**What you are asked to do:**
Print the lines in the listing below that fall between the line with "Nevertheless, the real" and the line with "由于特殊纤维对罗拉表面处理介", those two lines included, exactly as they stand and with nothing else.

**Given data:**
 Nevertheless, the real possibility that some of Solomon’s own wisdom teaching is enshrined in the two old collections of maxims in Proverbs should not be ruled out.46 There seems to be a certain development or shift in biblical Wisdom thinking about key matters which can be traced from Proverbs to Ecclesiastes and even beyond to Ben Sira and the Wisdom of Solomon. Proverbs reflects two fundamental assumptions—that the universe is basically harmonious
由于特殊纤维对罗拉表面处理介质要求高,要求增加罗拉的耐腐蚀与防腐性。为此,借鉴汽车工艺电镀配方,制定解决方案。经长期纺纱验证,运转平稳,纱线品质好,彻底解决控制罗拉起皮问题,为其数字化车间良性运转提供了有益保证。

* * *

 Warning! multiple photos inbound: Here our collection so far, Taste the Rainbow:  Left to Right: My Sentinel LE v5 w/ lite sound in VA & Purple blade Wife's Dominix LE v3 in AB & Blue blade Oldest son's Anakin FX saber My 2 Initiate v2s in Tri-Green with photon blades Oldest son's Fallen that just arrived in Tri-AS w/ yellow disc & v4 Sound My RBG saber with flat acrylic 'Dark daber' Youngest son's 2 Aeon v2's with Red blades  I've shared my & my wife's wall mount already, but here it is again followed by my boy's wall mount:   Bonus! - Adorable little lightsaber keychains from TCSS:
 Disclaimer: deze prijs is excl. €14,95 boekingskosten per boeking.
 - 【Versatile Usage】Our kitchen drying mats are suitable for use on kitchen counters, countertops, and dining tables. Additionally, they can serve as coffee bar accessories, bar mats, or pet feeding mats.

**Answer to this task:**
 Nevertheless, the real possibility that some of Solomon’s own wisdom teaching is enshrined in the two old collections of maxims in Proverbs should not be ruled out.46 There seems to be a certain development or shift in biblical Wisdom thinking about key matters which can be traced from Proverbs to Ecclesiastes and even beyond to Ben Sira and the Wisdom of Solomon. Proverbs reflects two fundamental assumptions—that the universe is basically harmonious
由于特殊纤维对罗拉表面处理介质要求高,要求增加罗拉的耐腐蚀与防腐性。为此,借鉴汽车工艺电镀配方,制定解决方案。经长期纺纱验证,运转平稳,纱线品质好,彻底解决控制罗拉起皮问题,为其数字化车间良性运转提供了有益保证。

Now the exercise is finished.